There are all kinds of fad diets and quirky, “quick fixes” available to us these days. Unfortunately, most, if not all of these things lead to temporary results at best. Realistically, there is no magic pill when it comes to real, true weight loss. There is only one real way to be successful… A combination of healthy eating habits and regular exercise is the best, most effective way to achieve long term results. Finding ways to lose weight permanently can save us a lot of time and aggravation.
It’s no secret that maintaining your weight is a lot easier than trying to shed pounds. We’ve compiled a list of some of our best ways to lose weight permanently so that you never have to back track again. Making several small changes to your lifestyle can go a long way in seeing permanent results.
Ways to Lose Weight Permanently
1. Plan your meals.
Our 7-Day Fat Blasting Menu takes the guess work out of meal planning. This will make your life easier, as well as help you to make healthier choices throughout the day.

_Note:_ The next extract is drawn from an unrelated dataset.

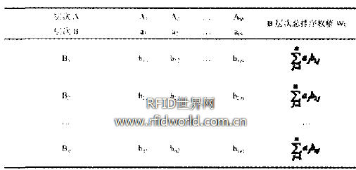 計(jì)算同一層次所有因素對(duì)于最高層(總目標(biāo))相對(duì)重要性的權(quán)值,稱為層次總排序。這一過程是最高層次到最低層次進(jìn)行的。若上一層次A包含m個(gè)因素A1,A2,......,Am,下一層次B包含B1,B2,......,Bn ,它們對(duì)于因素A 的層次單排序權(quán)值分別為b1j,b2j,......,b nj,(當(dāng)Bk與Aj無聯(lián)系時(shí),bkj=0),則B層次總排序權(quán)值由表4給出。
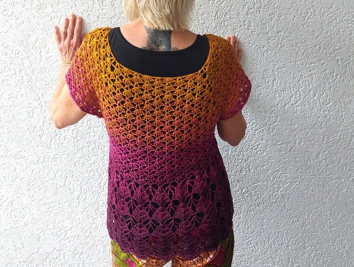 Die Tunika kann mit Farbverlaufsgarn oder einfarbig gehäkelt werden.

2. Keep tabs on your food consumption with a journal.
Staying accountable, by journaling, is a proven weight loss strategy. I ask my clients to keep a food journal, especially when they’re first starting out. This allows me to look back and see where the issue is if they’re having a hard time losing weight!
3. Don’t skip meals.
Blood sugar crashes are sure to have you raiding the vending machines at work! Keeping yourself satiated can save you several hundred calories per day.
4. Consume more fiber to feel fuller, longer.
Fiber keeps you feeling full because it takes longer to digest! Foods like vegetables, fruits and whole grains are great high fiber options. Enjoy 12 walnut halves and a bowl of oatmeal for breakfast with these 6 Oatmeal Recipes.
5. Eat 3 small meals and 2-3 snacks per day.
Boost your metabolism by eating more often. When your body has fuel to burn, it doesn’t hold onto fat.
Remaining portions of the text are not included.